Genie Ontology integrates with Databricks AI/BI dashboards and Genie Agents, so business teams get trustworthy AI assistance without technical overhead. The ontology lives in Unity Catalog alongside your data, ensuring governance and discoverability.

Use cases for semantic grounding

Finance and planning: Grounding ensures all stakeholders see the same definition of GAAP revenue, pipeline value, and forecast assumptions. An AI assistant answering financial questions references the same calculation logic as your ERP system.
Sales and customer success: A semantic layer defines customer segments, account status, and churn indicators consistently. AI can then recommend the right next action for each account without contradicting your CRM.
Product and operations: Grounding maps feature flags, product hierarchies, and SLA definitions so AI can accurately diagnose performance issues and suggest optimizations tied to real customer impact.

FAQs

How is semantic grounding different from retrieval-augmented generation (RAG)?

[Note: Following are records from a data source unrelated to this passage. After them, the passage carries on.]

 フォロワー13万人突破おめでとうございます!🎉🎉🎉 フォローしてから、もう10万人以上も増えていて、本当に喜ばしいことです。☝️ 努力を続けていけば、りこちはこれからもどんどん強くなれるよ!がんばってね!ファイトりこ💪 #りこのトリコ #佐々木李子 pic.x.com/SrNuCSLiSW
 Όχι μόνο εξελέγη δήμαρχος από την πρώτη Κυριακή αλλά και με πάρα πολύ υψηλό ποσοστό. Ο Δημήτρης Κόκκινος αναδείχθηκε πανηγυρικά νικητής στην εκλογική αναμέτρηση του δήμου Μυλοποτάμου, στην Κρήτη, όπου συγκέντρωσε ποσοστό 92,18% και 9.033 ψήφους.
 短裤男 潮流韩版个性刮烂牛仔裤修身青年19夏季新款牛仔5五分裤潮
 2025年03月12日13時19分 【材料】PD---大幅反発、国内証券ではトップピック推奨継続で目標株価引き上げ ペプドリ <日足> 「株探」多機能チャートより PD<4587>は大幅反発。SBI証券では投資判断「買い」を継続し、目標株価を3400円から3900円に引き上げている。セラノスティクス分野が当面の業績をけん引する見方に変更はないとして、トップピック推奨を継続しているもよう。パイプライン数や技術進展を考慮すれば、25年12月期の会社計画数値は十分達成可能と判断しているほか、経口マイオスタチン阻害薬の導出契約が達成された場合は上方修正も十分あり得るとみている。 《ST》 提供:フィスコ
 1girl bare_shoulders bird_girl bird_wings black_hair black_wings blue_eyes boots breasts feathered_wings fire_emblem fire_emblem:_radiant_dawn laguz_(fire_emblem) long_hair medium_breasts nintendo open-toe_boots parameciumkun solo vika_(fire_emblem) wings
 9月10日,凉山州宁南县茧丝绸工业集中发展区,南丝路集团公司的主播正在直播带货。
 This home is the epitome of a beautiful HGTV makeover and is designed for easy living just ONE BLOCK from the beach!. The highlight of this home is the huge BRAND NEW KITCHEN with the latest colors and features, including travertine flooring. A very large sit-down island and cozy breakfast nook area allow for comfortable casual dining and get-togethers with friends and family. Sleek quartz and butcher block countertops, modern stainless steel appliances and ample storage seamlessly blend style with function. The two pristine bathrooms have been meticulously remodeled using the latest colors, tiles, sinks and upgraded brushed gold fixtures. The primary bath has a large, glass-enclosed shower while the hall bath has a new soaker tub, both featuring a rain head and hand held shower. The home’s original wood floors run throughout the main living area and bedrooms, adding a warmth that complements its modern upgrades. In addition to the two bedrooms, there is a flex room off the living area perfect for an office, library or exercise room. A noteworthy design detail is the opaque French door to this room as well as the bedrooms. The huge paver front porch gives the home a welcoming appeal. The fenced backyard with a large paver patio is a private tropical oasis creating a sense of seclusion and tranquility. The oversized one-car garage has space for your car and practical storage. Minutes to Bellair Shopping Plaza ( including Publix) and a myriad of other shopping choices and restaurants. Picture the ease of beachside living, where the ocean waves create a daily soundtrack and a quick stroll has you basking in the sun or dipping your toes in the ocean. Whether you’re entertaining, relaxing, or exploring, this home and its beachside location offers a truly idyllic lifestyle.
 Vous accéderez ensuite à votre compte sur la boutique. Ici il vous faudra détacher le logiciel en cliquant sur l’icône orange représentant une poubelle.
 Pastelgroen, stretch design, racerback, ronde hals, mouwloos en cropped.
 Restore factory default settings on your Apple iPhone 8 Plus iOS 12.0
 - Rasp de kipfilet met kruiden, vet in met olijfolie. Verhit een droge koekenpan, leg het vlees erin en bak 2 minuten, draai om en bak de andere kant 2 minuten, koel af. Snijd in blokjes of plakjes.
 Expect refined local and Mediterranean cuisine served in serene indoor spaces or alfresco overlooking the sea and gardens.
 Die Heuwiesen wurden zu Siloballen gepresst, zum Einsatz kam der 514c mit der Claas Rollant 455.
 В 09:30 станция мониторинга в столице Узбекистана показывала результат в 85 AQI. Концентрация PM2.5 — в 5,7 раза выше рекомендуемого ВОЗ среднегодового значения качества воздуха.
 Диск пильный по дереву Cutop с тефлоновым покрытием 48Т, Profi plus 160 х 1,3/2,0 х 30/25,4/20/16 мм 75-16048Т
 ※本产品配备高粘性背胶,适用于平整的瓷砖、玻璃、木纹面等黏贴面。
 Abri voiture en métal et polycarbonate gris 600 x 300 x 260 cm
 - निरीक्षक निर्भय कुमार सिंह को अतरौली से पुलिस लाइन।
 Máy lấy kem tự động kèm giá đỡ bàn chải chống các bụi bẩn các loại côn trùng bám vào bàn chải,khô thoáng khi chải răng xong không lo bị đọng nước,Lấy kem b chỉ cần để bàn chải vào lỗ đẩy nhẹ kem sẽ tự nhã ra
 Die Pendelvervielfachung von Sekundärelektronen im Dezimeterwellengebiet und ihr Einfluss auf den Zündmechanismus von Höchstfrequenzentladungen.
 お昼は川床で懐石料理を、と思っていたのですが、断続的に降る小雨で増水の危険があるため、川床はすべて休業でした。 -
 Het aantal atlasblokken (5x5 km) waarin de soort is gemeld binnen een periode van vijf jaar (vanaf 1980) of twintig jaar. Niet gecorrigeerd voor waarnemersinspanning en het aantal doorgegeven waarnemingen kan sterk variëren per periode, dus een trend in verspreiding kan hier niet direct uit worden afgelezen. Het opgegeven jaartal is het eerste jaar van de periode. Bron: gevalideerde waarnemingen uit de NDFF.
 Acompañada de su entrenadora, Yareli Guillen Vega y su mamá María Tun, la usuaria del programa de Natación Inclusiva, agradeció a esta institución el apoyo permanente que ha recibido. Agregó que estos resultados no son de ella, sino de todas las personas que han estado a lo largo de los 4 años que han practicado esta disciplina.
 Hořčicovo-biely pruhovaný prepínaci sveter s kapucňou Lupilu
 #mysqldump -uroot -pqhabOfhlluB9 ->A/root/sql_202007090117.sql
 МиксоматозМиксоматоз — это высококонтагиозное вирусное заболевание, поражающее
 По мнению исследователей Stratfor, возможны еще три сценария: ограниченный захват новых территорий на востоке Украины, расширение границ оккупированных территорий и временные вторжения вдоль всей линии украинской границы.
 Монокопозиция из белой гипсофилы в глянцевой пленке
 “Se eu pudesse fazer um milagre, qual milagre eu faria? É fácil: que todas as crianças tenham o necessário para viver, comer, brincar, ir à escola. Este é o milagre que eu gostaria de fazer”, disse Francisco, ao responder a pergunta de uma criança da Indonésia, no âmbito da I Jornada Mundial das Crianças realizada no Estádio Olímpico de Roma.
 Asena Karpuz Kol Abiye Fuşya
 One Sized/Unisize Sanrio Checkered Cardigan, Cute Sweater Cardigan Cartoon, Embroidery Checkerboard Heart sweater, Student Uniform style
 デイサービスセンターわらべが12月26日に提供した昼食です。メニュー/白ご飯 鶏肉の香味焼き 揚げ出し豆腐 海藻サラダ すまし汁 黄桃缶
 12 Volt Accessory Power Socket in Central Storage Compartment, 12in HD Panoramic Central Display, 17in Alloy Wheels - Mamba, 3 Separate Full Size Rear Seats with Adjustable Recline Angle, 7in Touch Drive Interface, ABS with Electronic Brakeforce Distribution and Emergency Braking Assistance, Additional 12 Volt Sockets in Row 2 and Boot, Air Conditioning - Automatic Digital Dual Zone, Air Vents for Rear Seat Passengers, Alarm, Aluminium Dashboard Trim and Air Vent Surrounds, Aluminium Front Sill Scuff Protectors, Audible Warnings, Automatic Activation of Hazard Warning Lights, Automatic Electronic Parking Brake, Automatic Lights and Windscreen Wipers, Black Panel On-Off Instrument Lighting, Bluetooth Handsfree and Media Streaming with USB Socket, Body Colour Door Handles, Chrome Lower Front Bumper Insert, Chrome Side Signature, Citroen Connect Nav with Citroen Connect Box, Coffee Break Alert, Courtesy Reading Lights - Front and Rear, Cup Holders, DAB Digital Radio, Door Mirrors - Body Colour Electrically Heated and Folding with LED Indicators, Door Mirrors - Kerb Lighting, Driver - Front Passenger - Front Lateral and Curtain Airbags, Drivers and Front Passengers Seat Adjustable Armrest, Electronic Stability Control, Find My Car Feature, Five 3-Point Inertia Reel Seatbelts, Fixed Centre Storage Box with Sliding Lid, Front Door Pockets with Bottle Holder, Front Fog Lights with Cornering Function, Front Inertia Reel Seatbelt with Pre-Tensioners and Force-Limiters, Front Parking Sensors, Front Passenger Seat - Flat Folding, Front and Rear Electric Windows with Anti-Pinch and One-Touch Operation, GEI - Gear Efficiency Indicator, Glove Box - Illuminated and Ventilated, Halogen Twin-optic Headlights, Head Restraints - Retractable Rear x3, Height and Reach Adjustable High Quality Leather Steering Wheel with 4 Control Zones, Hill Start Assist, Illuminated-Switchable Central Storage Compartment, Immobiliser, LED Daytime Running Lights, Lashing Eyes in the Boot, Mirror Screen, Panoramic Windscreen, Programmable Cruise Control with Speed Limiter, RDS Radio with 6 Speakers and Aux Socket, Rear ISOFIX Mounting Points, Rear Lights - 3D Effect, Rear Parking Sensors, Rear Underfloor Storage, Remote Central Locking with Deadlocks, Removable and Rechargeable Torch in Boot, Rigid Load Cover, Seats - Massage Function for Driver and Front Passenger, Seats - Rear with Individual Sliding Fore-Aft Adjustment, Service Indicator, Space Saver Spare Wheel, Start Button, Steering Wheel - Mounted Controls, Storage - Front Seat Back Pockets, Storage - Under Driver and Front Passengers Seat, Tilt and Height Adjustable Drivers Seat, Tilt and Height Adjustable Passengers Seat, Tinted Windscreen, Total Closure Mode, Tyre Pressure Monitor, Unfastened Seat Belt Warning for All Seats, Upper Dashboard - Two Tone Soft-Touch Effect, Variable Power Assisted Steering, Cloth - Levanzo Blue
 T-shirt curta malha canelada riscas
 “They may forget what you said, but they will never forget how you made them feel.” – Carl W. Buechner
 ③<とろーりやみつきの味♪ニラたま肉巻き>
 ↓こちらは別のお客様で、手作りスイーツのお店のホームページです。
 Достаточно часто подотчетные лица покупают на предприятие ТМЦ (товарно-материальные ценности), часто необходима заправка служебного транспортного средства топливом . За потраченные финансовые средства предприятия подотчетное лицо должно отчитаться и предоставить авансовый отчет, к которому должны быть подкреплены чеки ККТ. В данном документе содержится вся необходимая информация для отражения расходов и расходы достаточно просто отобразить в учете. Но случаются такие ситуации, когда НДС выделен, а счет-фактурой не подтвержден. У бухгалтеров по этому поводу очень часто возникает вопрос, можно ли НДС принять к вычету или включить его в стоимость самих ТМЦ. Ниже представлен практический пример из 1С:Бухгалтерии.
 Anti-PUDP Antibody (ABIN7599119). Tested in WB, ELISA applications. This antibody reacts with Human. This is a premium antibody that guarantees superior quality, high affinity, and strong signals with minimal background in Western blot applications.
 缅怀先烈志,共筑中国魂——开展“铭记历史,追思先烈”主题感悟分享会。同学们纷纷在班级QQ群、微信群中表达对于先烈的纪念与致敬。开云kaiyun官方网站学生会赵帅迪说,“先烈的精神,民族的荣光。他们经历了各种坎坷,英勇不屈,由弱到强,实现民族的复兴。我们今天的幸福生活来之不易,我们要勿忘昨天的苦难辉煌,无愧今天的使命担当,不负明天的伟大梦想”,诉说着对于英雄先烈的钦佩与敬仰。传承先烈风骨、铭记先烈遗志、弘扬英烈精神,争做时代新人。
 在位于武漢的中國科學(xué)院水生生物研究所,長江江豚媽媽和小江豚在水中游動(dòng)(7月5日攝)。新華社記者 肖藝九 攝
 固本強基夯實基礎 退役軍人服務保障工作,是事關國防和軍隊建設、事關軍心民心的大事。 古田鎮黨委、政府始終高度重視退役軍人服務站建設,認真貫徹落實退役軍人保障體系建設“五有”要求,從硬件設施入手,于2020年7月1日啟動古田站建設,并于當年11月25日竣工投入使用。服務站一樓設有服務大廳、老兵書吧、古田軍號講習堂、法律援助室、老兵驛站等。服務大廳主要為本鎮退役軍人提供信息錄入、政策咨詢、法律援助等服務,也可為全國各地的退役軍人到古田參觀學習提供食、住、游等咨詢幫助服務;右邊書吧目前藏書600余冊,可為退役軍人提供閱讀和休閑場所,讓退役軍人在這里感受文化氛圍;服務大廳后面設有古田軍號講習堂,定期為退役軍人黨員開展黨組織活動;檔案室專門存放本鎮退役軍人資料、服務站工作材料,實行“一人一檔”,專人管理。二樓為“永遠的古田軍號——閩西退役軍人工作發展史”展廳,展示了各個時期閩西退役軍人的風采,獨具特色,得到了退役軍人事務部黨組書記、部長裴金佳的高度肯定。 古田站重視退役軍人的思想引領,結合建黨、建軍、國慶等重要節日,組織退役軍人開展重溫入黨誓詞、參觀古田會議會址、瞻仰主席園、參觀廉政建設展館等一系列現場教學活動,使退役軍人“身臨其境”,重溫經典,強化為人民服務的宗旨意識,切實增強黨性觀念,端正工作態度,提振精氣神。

RAG retrieves relevant documents or data snippets to augment a query. Semantic grounding goes further by providing a structured, machine-readable model of your business so the AI understands relationships, hierarchies, and calculation rules, not just isolated facts. A RAG system might retrieve a revenue number; a grounded system understands that revenue includes subscriptions and professional services, excludes refunds, and flows through a specific cost center.

Can I implement semantic grounding without a dedicated platform?

Yes, but it requires significant manual work. You would need to document your business definitions, hard-code them into prompts, and maintain consistency manually. A dedicated semantic grounding system like Genie Ontology automates this, reduces errors, and scales as your business evolves.

What happens if my business definitions change?

With semantic grounding, you update the ontology once in a central location, and all AI interactions automatically reflect the new definition. This is far simpler than updating dozens of hard-coded prompts or training new models.

Is semantic grounding only for AI agents?

No. Semantic grounding improves any AI system that needs to understand your business: AI/BI dashboards, anomaly detection, forecasting models, and autonomous workflows all benefit from a shared, authoritative business context.

The information provided herein is for general informational purposes only and may not reflect the most current product capabilities or configurations.